Hyperuricemia

Abstract

Uric acid is formed by catabolism of purine nucleotides. Approximately 25% is excreted through the intestines and the rest through the kidneys. A little less than 5% of the population in western industrialised countries have hyperuricaemia, primarily men and postmenopausal women. Hyperuricaemia is in most cases caused by reduced renal excretion, which may be idiopathic with otherwise normal renal function. But the condition is often associated with hypertension, nephropathy and treatment with diuretics and certain other drugs. Hyperuricaemia due to increased purine metabolism is seen in malignant haematological diseases, other conditions with increased cellular turnover and during initiation of chemotherapy in malignant diseases. Moreover hyperuricaemia is associated with some metabolic disturbances and risk factors of atherosclerotic cardiovascular disease including hypertension, overweight, insulin resistance and hyperlipidaemia. Hyperuricaemia is rarely caused by constitutional enzymatic abnormalities influencing purine metabolism. In most cases hyperuricaemia is asymptomatic. It may though be complicated by gout, urolithiasis and possibly gouty nephropathy.

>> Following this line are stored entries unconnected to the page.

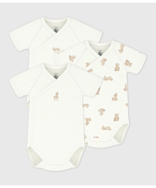 パターン違うキュートなクマ柄で揃えた半袖あわせボディ3枚セットです。お着替えがしやすいよう、スナップボタンが施されているので外出時も安心。何枚あっても嬉しいアイテムは、出産祝いなどのギフトにもおすすめです。※1.プリントは永久的なものではなく、もみや摩擦でひび割れたり、繰り返しの洗濯によるプリントの変色や、脱落が生じる場合があります。中性洗剤などで単独洗いをしてください。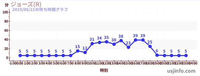 • ジョーズ(R)$B$N(B2019年06月21日の待ち時間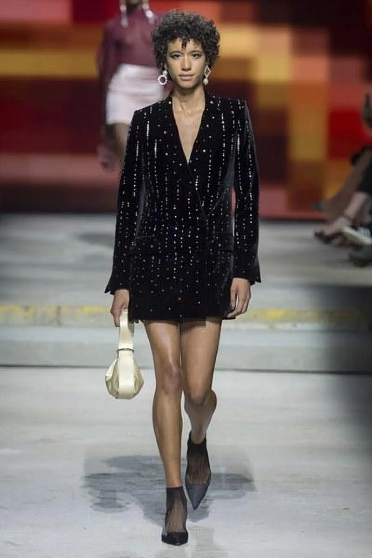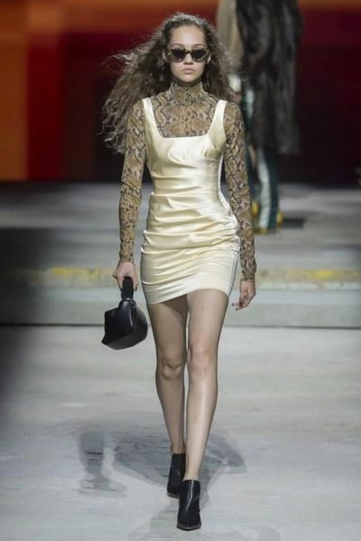 سيطرت أقمشة الساتان على عرض علامة توب شوب يونيك Topshop Unique العالمية، لربيع وصيف 2018 في أسبوع الموضة في لندن ، وتميزت التصاميم بالتنورة القصيرة التي تحاكي المرأة الجريئة صاحبة الجسد الرشيق والقوام الشديد.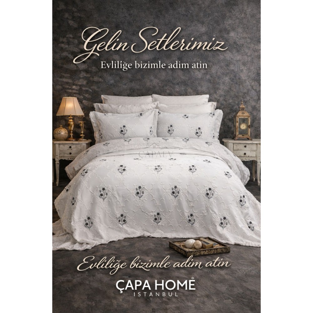 Çapa Home Gelin Seti – Çeyizlik Çift Kişilik Yatak Örtüsü Seti Daniela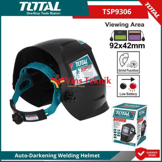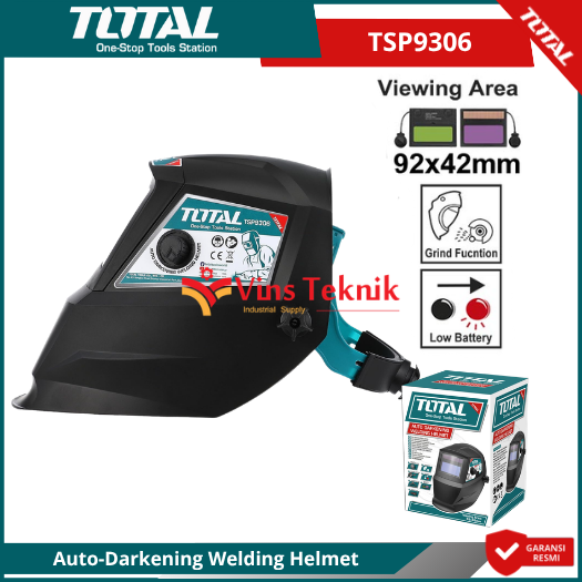 Total TSP9306 adalah helm las otomatis (Auto-Darkening Welding Helmet) yang dirancang untuk melindungi mata pengguna dengan menggelapkan kaca secara otomatis saat busur las menyala.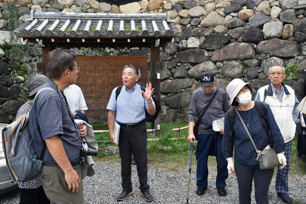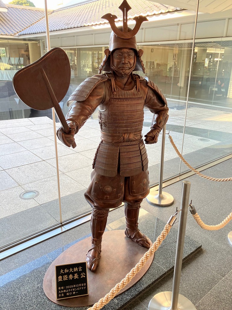 ランチの後は、当会会員の森本泰広さん(大和高田市文化財ボランティアガイドの会会長)のご案内で、大河ドラマ『豊臣兄弟!』で注目を集める郡山城跡と城下町郡山を散策しました。奈良が大河の舞台になるのは、1971年(昭和46年)の『春の坂道』以来とあって、地元は盛り上がっていました。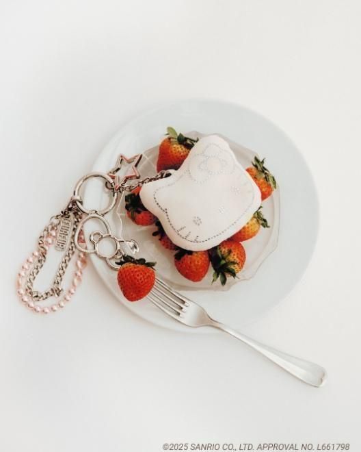ハローキティとのコラボレーション。トレンド感あふれるラインストーンで表現したクッションチャームが愛らしいアイテム。オリジナルで作成したFURFURの刻印入りチャームも特別感が◎。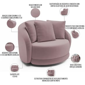 Indicado para uso residencial, sua limpeza deve ser feita com pano umedecido em água limpa, sem esfregar, não utilizar produtos abrasivos, desengordurantes, álcool ou solvente. Nunca sentar nos braços ou encosto do produto.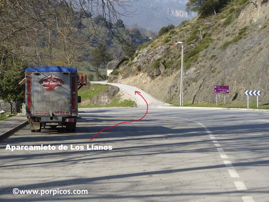 Este es el pueblo de Los Llanos, el aparcamiento, seguimos la flecha roja y ya estamos en ruta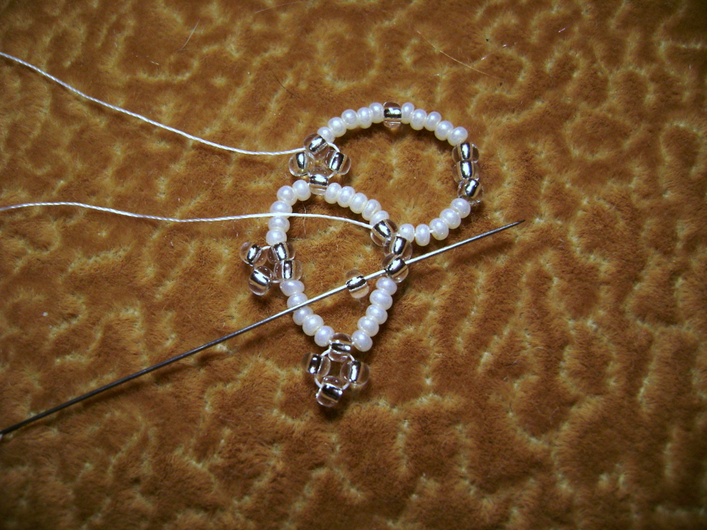 Проходим иглой в две из последних четырех набранных прозрачных бисерин сверху вниз, замыкая круг.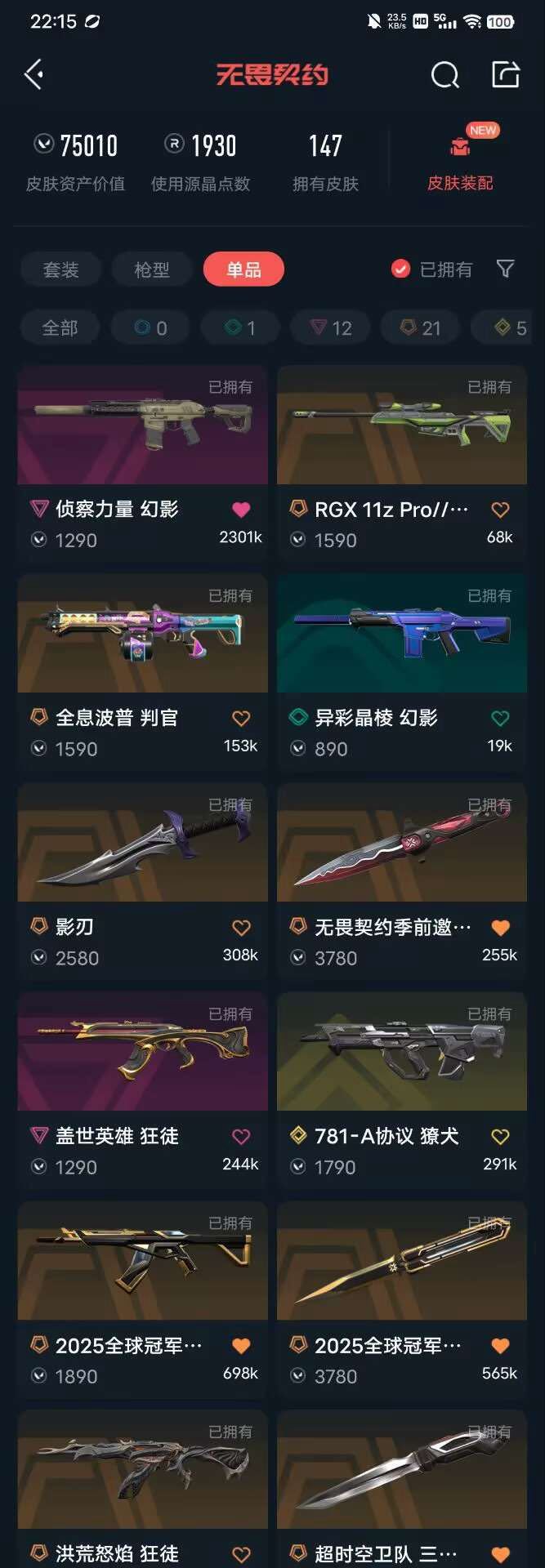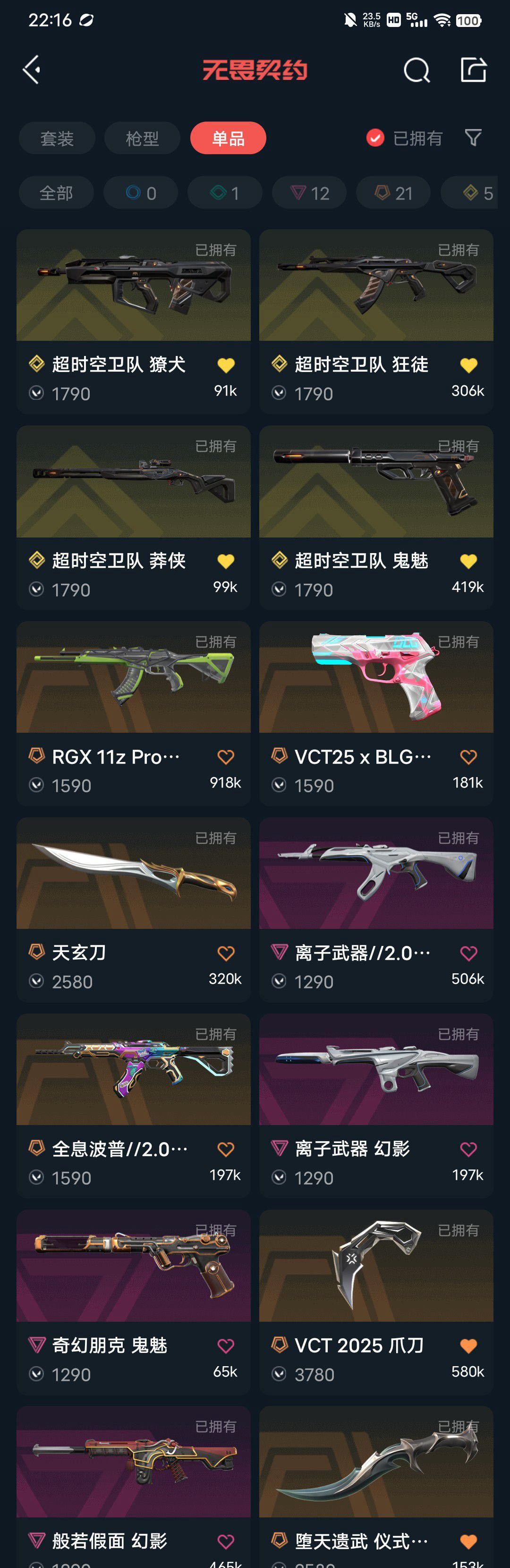 可排位 冻结重上✨❤️23冠军套25冠军套超时空套堕天套悲悯之刃VCT爪极品狂徒幻影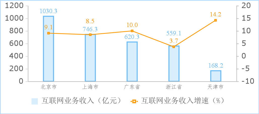 超半数地区互联网业务增速实现正增长。一季度,互联网业务累计收入居前5名的北京(增长9.1%)、上海(增长8.5%)、广东(增长10%)、浙江(增长3.7%)和天津(增长14.2%)共完成业务收入3124亿元,同比增长8.4%,占全国(扣除跨地区企业)互联网业务收入的81.4%。全国互联网业务增速实现正增长的省(区、市)有16个,其中甘肃、安徽增速超50%,新疆、广西降幅超40%。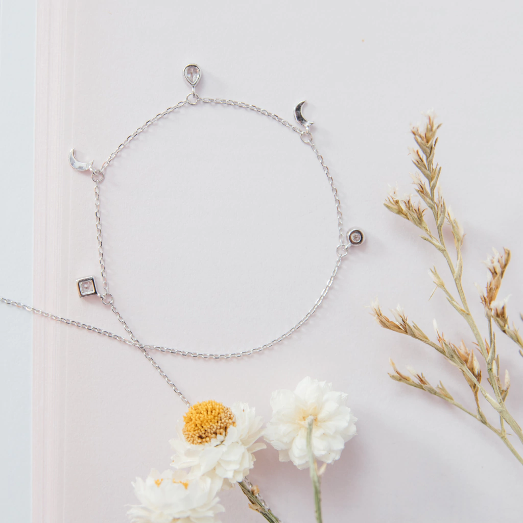 Diseño de Lunas y circonitas blancas. Regulable hasta 42 cm.

The risk of complications is correlated to the degree and duration of hyperuricemia. Consequently, measures to affect predisposing and associated conditions should be taken including weight reduction, physical exercise and diet guidance, treatment of hypertension and possibly changes in medication. Urate lowering drug treatment is normally not indicated in asymptomatic hyperuricaemic individuals.